+++ Data under study +++

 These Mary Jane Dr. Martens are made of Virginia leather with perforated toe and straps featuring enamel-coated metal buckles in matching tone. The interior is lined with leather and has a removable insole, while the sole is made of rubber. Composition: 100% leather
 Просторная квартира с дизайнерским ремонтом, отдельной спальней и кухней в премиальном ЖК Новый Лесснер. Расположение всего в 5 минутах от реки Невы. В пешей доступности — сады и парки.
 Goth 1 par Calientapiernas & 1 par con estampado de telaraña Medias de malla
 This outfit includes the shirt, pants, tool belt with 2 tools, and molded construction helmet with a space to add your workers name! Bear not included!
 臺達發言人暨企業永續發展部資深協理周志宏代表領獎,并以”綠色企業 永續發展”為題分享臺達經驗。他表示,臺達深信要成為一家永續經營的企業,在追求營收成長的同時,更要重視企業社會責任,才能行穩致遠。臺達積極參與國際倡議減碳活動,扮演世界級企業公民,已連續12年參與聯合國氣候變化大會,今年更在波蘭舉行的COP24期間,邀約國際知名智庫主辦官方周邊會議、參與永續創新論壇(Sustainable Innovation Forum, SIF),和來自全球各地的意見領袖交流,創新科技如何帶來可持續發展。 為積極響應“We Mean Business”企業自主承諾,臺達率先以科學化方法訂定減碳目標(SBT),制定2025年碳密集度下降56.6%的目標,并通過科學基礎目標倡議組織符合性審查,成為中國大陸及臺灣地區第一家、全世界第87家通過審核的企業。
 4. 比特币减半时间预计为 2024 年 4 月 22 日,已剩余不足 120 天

+++
+++ Data under study +++

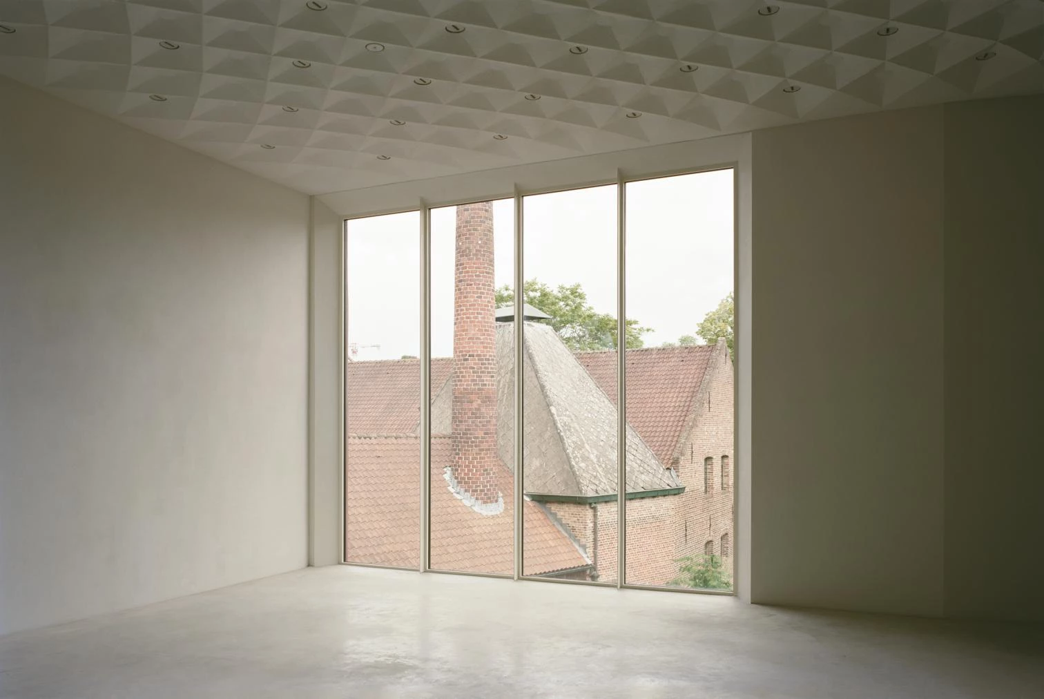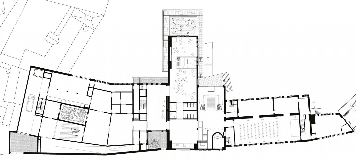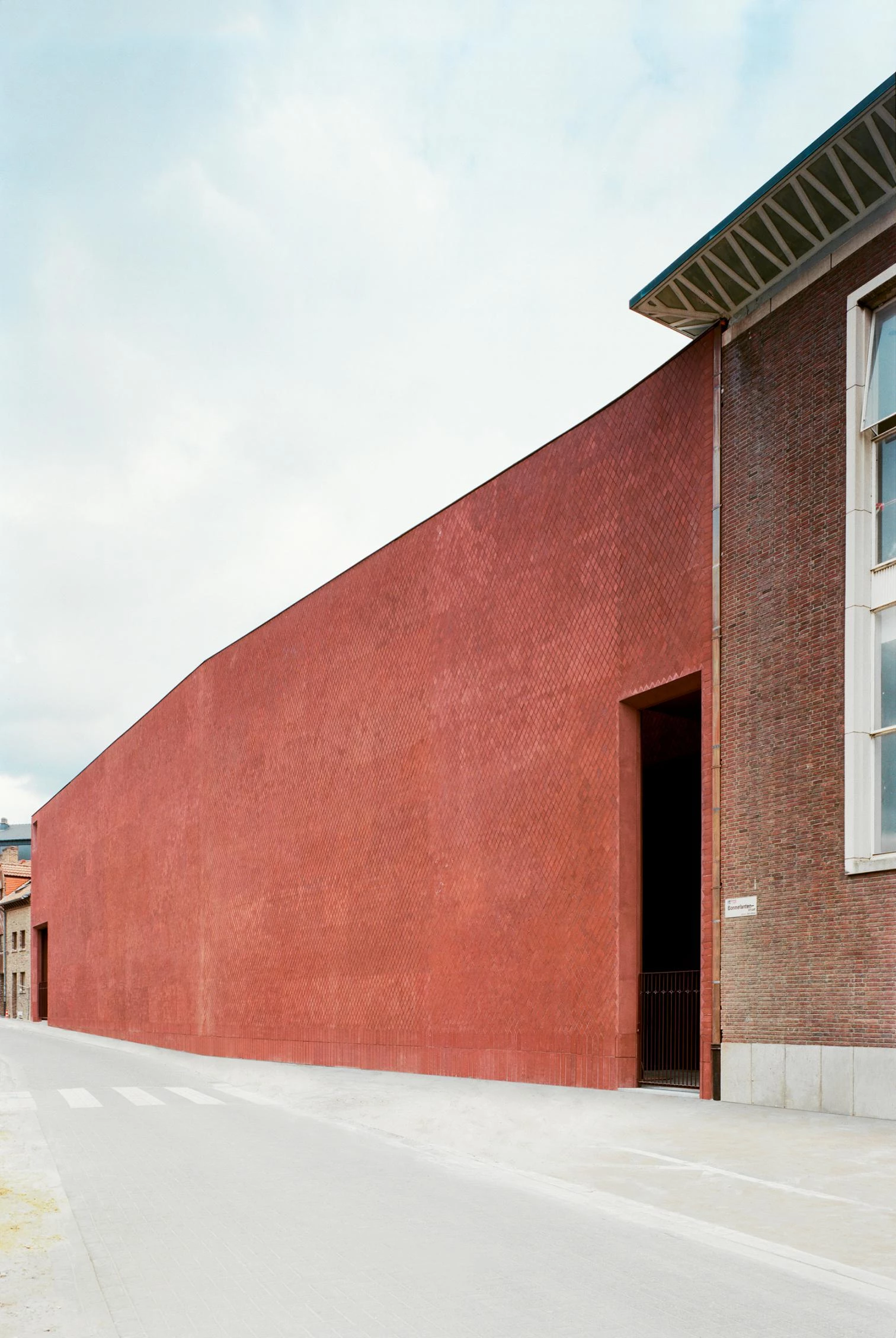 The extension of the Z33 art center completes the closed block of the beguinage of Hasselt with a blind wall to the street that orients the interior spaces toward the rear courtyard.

+++

* _What to produce_: Give back exactly the lines above starting at the line where "Просторная квартира с" appears and ending at the line where "4. 比特币减半时间预计为 2024 年 4 月 22 日,已剩余不足 120 天" appears, both included, with no other lines.

* _Solution to this task_:
 Просторная квартира с дизайнерским ремонтом, отдельной спальней и кухней в премиальном ЖК Новый Лесснер. Расположение всего в 5 минутах от реки Невы. В пешей доступности — сады и парки.
 Goth 1 par Calientapiernas & 1 par con estampado de telaraña Medias de malla
 This outfit includes the shirt, pants, tool belt with 2 tools, and molded construction helmet with a space to add your workers name! Bear not included!
 臺達發言人暨企業永續發展部資深協理周志宏代表領獎,并以”綠色企業 永續發展”為題分享臺達經驗。他表示,臺達深信要成為一家永續經營的企業,在追求營收成長的同時,更要重視企業社會責任,才能行穩致遠。臺達積極參與國際倡議減碳活動,扮演世界級企業公民,已連續12年參與聯合國氣候變化大會,今年更在波蘭舉行的COP24期間,邀約國際知名智庫主辦官方周邊會議、參與永續創新論壇(Sustainable Innovation Forum, SIF),和來自全球各地的意見領袖交流,創新科技如何帶來可持續發展。 為積極響應“We Mean Business”企業自主承諾,臺達率先以科學化方法訂定減碳目標(SBT),制定2025年碳密集度下降56.6%的目標,并通過科學基礎目標倡議組織符合性審查,成為中國大陸及臺灣地區第一家、全世界第87家通過審核的企業。
 4. 比特币减半时间预计为 2024 年 4 月 22 日,已剩余不足 120 天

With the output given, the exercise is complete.